Maller and I are simulating gas cooling and galaxy formation to
understand these issues. Two of our simulations of a Milky Way Galaxy
from Kaufmann et al. (2009) are shown below, the difference coming only
from the initial entropy profile of the hot gas halo. This work may
help understand the origin of the mysterious High Velocity Clouds that
orbit around the Milky Way Galaxy.
Disk galaxy formation
Forming
galactic disks in a cosmological simulation is a subtle issue. One of
the problems beeing the so-called "angular momentum catastrophe". We
showed in Kaufmann et al. (2007) that the loss of angular momentum in
the cold disk is at least party related to numerics, i.e., missing
resolution. The picture below shows the same simulated galactic disk,
but sampled with increasing resolution (from right to left),
illustrating the numerical angular momentum loss.
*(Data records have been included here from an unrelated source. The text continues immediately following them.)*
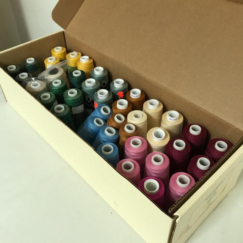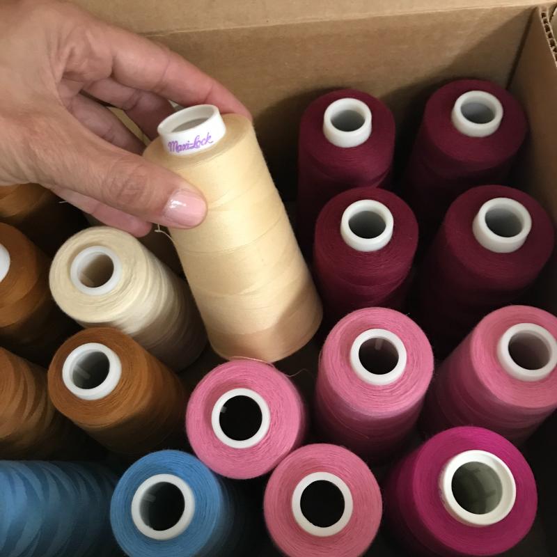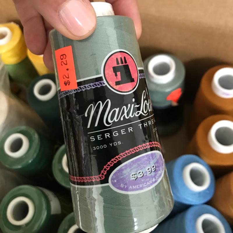 This lot includes a box full of Serger Thread by Maxi-Lock and by Ultra lock. Most are new in packaging or appear to have never been used. 39 total. Shipping available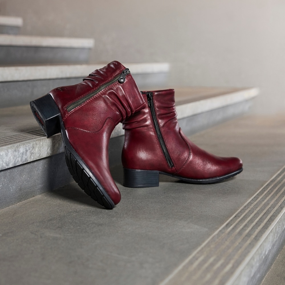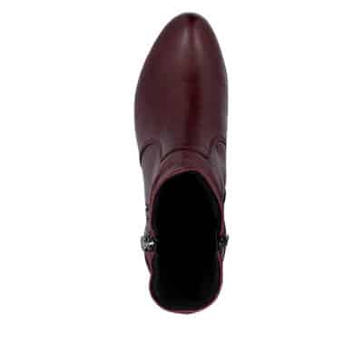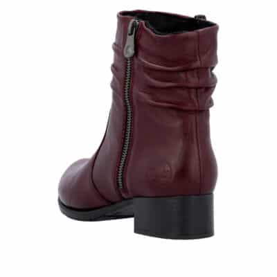Rieker støvle til dame i bordeaux med skindoverdel og lynlås i begge sider samt let foring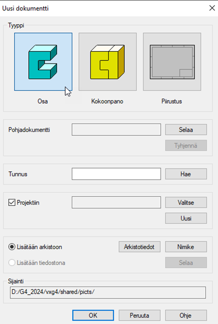 • If you want to create a new part as a file, clear the option To project, and select Add to file. Select the file's location by clicking Browse.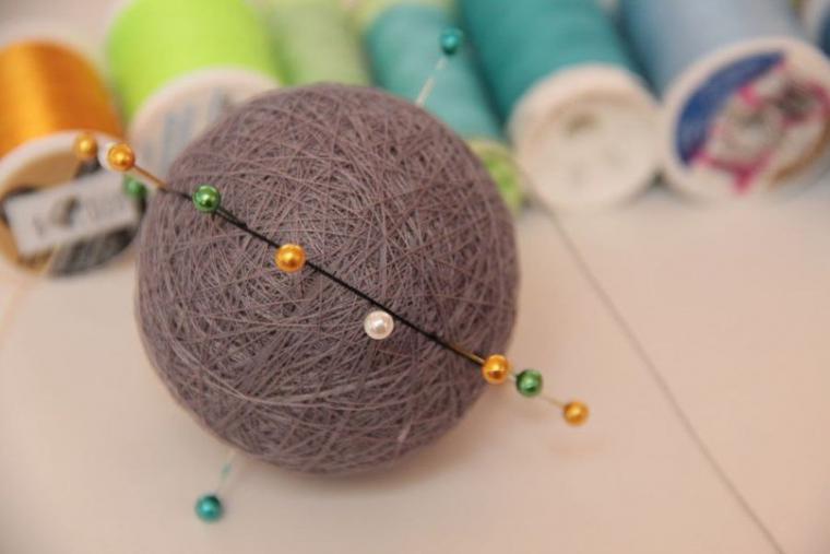 С чего начать?Итак, японские шары темари по сути своей представляют собой клубки из обрезков ткани, смотанных в шар. Что-то типа тех клубочков, из которых ваша бабушка вязала коврики-кружки. Но это только внутри. Для придания поверхности шара большей гладкости его дополнительно обматывают тонкими нитками. Вы следуете за мыслью? Вот, возьмите любой ненужный клубок страшненькой или некачественной шерсти (или создайте шар из обрезков ткани) и обматывайте его любыми швейными нитками. Периодически посматривайте на шарик. Замечаете? Чем меньше остаётся видно его «внутренностей», тем более гладкой и ровной становится его форма. Не стесняйтесь иногда поправлять шар, ужимая его в руках. Он податливый, ничего не стоит выровнять его форму. Когда основа совсем скроется под нитками, оставьте длинный конец, а остальное обрежьте. Небольшими стежками в разных направлениях прошейте обмотку, чтобы нитки не сползали и не сбивались. Итак, основа готова. Как подступиться к вышивке темари?Японская вышивка темари, как и вообще любое японское искусство, требует тщательной подготовки. Нет, создание основы – это ещё не подготовка, сложности ещё впереди! Самое сложное в японской вышивке шаров темари – это точная и ровная разметка шара. Да, шар расшивают только по разметке. Иначе ровно и красиво не получится. Для разметки используют обычные английские булавки с цветными шариками на концах. Мы ещё только начинаем, поэтому сделаем самую простую разметку для самой простой техники «квадраты». Для этого нам понадобится 6 булавок и длинная полоска бумаги шириной не более 1 см. Можно отрезать, например, от тетрадного листка. Для начала воткните булавку в любое место шара через край вашей бумажной полоски – это будет первый «полюс». Полоской оберните шар, как бы рисуя экватор. Не спешите. Убедитесь, что полоска проходит через другой полюс, а не в стороне от него. Всё точно? тогда отогните полоску там, где она вновь встретилась с булавкой. Теперь её длина практически равна окружности шара. Приложите сгиб полоски к проколу, согните полоску точно пополам. Вы нашли середину. А теперь ещё разок пополам – получим точки экватора. На месте сгиба прорежьте полоску, чтобы удобно было втыкать в шар разметочные булавки. Теперь постарайтесь ещё раз обернуть полоску вокруг шара через полюс, не сбоку. На месте среднего перегиба полоски отметим булавкой второй полюс. На месте двух других точек перегиба – точки на экваторе шарика, противоположные друг другу. Пришла пора убедиться, что точки действительно находятся друг напротив друга. Это просто. Углубите булавки в шар-темари до самых головок, возьмитесь за них пальцами одной руки, и просто покрутите шар вокруг оси. При любом угле поворота вы должны видеть, что удерживаете пальчиками именно противоположные полюса, а не точки рядом с ними. Если вы видите обратное, попробуйте переделать разметку. Не с первого раза, но у вас получится. Когда вы убедились, что полюса и точки на экваторе противоположны друг другу, вам остаётся отметить только ещё две точки. Для этого бумажной полоской соедините две точки экватора и на экваторе отметьте ещё две точки, равноудалённые и от полюсов, и от уже имеющихся у нас экваториальных точек. Их тоже проверьте на ровное расположение. С помощью полоски проверьте, действительно ли все точки равноудалены

At even higher resolution, we were then able to resolve
the clumpy multiphase medium around galactic disks (left figure from
below). The predictions for the rotational velocities above the disk
plane match well H I observations of e.g. NGC 891 (Kaufmann et al.
2006).
 
For
smaller galaxies the same kind of models naturally delivered decreased
starformation efficiency, closely matching
observations. Pressure support becomes more
important in less massive haloes which keeps the galaxy thicker (Plots taken from Kaufmann, Wheeler & Bullock 2007).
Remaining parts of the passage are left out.